### DATA SUPPLIED ###

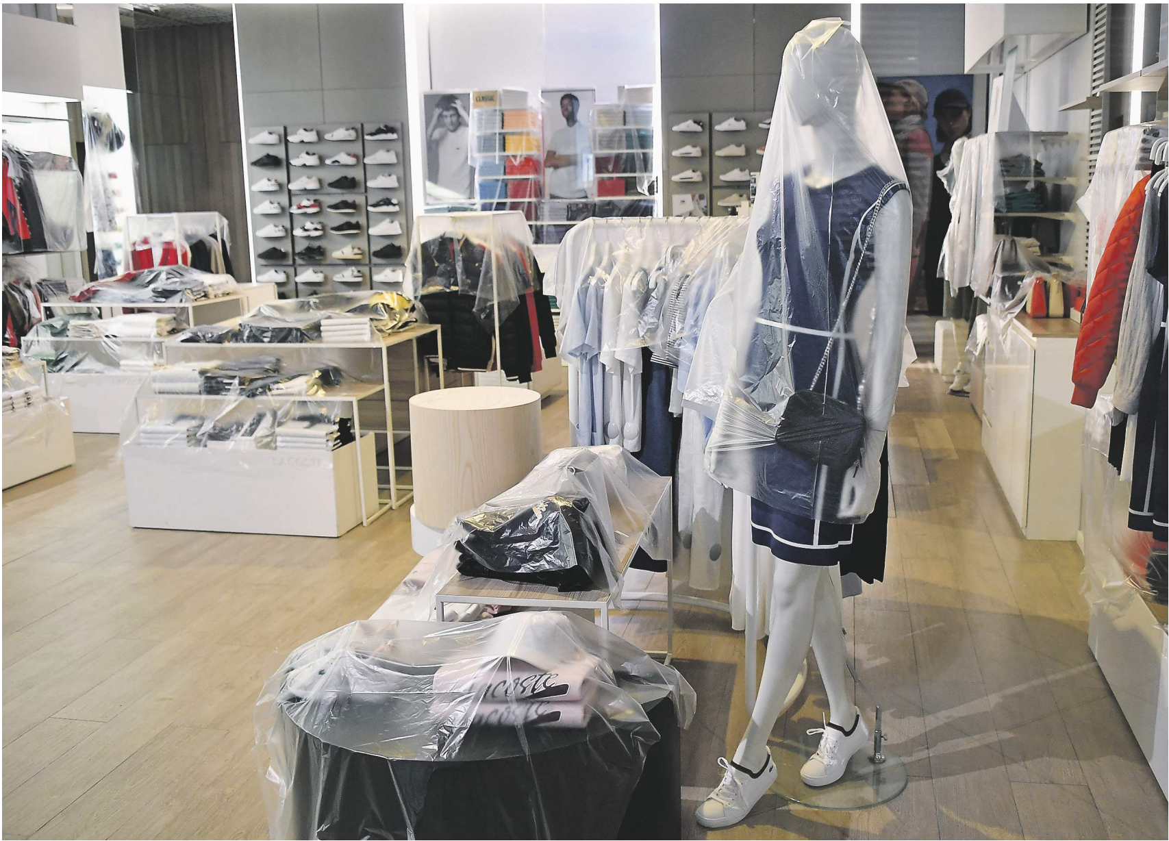
Алексей Карамзин / «Известия»
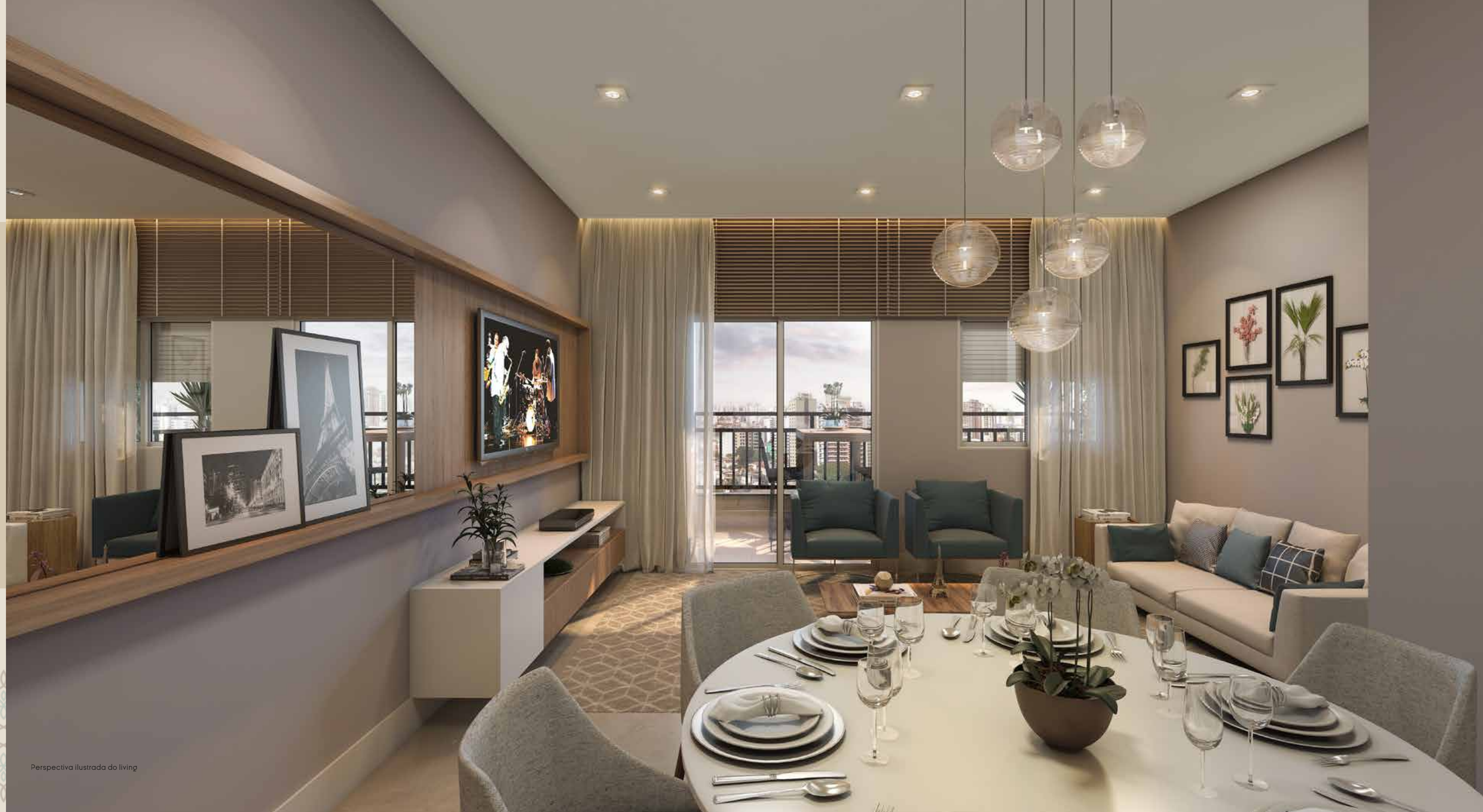
Perspectiva ilustrada do living

CONFORTO E DESIGN EM HARMONIA PERFEITA COM O SEU ESTILO DE VIVER.
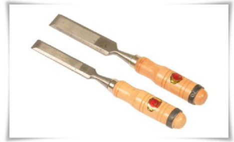
18. สิวปากบง
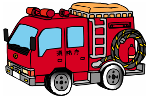
しょうぼうしゃ 消防車
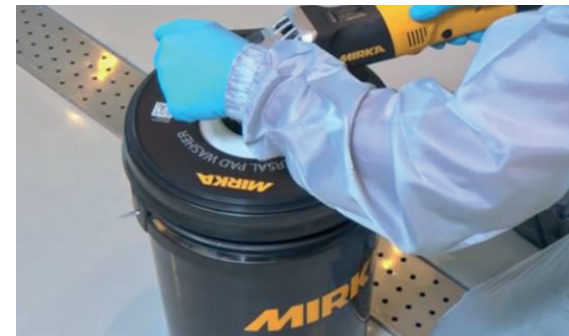
Soulever la machine, la faire tourner à 1500 - 2000 tr/min pour sécher la peau de mouton.
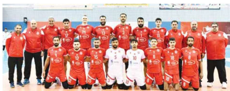
○ فريق المحرق للكرة الطائرة
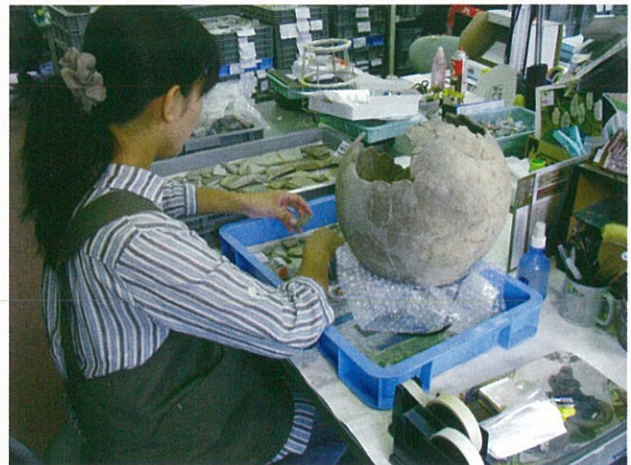
遺物整理室での土器の復元作業のようす

東広島市の歴史の一端をかいま見ることが出来る施設を目指していきますので、お気軽にお立ち寄りください。
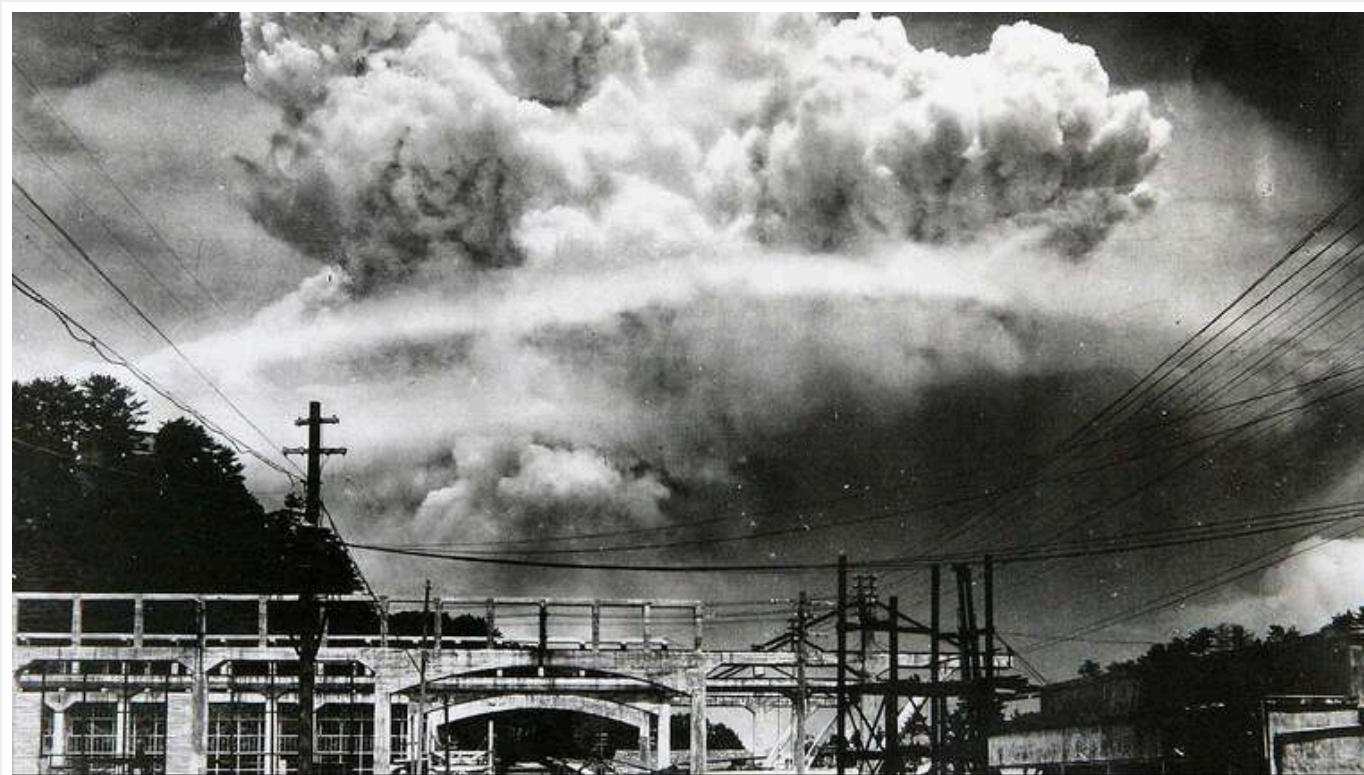
Україна здатна протягом кількох місяців розробити елементарний варіант ядерної зброї

###

** PROBLEM TO WORK ON **
Drop the pictures, then transcribe the lines from the one containing "CONFORTO E DESIGN" to the end of the data above, exactly and nothing more.

** ANSWER TO THIS TASK **
CONFORTO E DESIGN EM HARMONIA PERFEITA COM O SEU ESTILO DE VIVER.
18. สิวปากบง
しょうぼうしゃ 消防車
Soulever la machine, la faire tourner à 1500 - 2000 tr/min pour sécher la peau de mouton.
○ فريق المحرق للكرة الطائرة
遺物整理室での土器の復元作業のようす

東広島市の歴史の一端をかいま見ることが出来る施設を目指していきますので、お気軽にお立ち寄りください。
Україна здатна протягом кількох місяців розробити елементарний варіант ядерної зброї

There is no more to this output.